START Information supplied

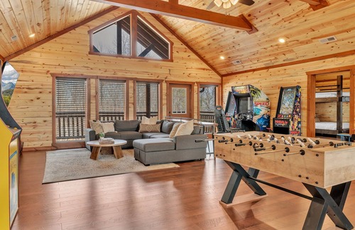 Discover a unique stay in the heart of the Smoky Mountains with these two brand-new, side-by-side cabins, perfect for large groups, family reunions, or corporate retreats! Each cabin features a private indoor heated pool, two game rooms filled with arcades, a full-size pool table, foosball, and spacious outdoor decks that offer breathtaking mountain views.
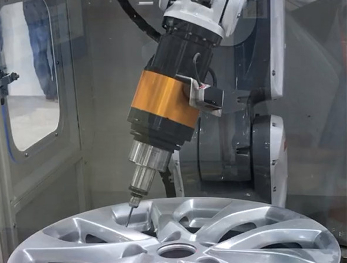 汽车轮毂浮动去毛刺解决方案,是在机器人末端加装NAKANSIHI浮动电主轴,由NAKANISHI自动换刀电主轴NR3060-AQC搭配日本FT浮动打磨头AF-30彩博888组成,有自动换刀功能,满足汽车轮毂多种加工刀具的需要。
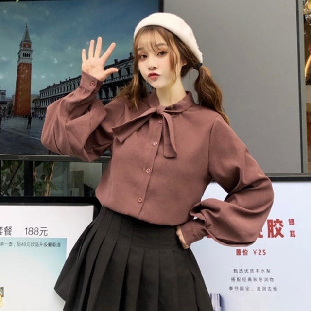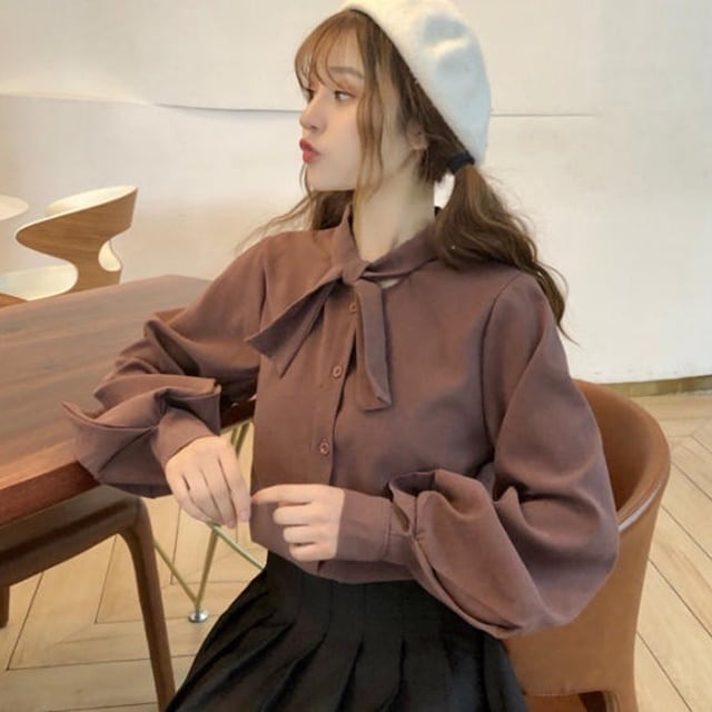 【送料無料】ブラウス シャツ トップス ボウタイリボン ボリューム袖 バルーンスリーブ 長袖 ゆったり 無地 大人可愛い カジュアル ガーリー レトロ シンプル お出かけ デート 普段使い デイリー 着回し TO-424IU
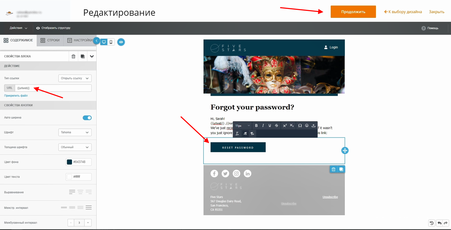 Нажмите на «Продолжить». В свойствах шаблона заполните «Название шаблона» и «Тему письма». Нажмите на «Сохранить»

END Information supplied

### Work item
Copy each line of the material above exactly, but not the images.

### Exercise answer
 Discover a unique stay in the heart of the Smoky Mountains with these two brand-new, side-by-side cabins, perfect for large groups, family reunions, or corporate retreats! Each cabin features a private indoor heated pool, two game rooms filled with arcades, a full-size pool table, foosball, and spacious outdoor decks that offer breathtaking mountain views.
 汽车轮毂浮动去毛刺解决方案,是在机器人末端加装NAKANSIHI浮动电主轴,由NAKANISHI自动换刀电主轴NR3060-AQC搭配日本FT浮动打磨头AF-30彩博888组成,有自动换刀功能,满足汽车轮毂多种加工刀具的需要。
 【送料無料】ブラウス シャツ トップス ボウタイリボン ボリューム袖 バルーンスリーブ 長袖 ゆったり 無地 大人可愛い カジュアル ガーリー レトロ シンプル お出かけ デート 普段使い デイリー 着回し TO-424IU
 Нажмите на «Продолжить». В свойствах шаблона заполните «Название шаблона» и «Тему письма». Нажмите на «Сохранить»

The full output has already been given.